DATA RECORDS

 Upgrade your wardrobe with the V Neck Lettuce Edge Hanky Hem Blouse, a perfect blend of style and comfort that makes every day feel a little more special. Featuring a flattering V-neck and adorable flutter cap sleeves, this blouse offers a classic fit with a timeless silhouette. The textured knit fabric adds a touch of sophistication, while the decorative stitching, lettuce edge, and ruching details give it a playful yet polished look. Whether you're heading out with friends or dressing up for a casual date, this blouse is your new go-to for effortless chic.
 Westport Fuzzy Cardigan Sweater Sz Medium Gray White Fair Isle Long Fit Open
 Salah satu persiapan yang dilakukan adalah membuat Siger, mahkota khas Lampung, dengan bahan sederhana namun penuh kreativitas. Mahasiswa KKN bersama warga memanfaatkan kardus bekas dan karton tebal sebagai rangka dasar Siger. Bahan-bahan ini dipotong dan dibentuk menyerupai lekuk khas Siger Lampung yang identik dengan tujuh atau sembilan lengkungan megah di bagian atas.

...

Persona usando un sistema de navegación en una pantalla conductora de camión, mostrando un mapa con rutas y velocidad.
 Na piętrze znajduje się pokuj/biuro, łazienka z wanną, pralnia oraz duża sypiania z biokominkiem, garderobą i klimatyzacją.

WHAT THIS TASK INVOLVES
In your answer, include only the lines above starting at the line that holds "Persona usando un" and ending at the line that holds "Na piętrze znajduje", copied exactly.

EXPECTED ANSWER
Persona usando un sistema de navegación en una pantalla conductora de camión, mostrando un mapa con rutas y velocidad.
 Na piętrze znajduje się pokuj/biuro, łazienka z wanną, pralnia oraz duża sypiania z biokominkiem, garderobą i klimatyzacją.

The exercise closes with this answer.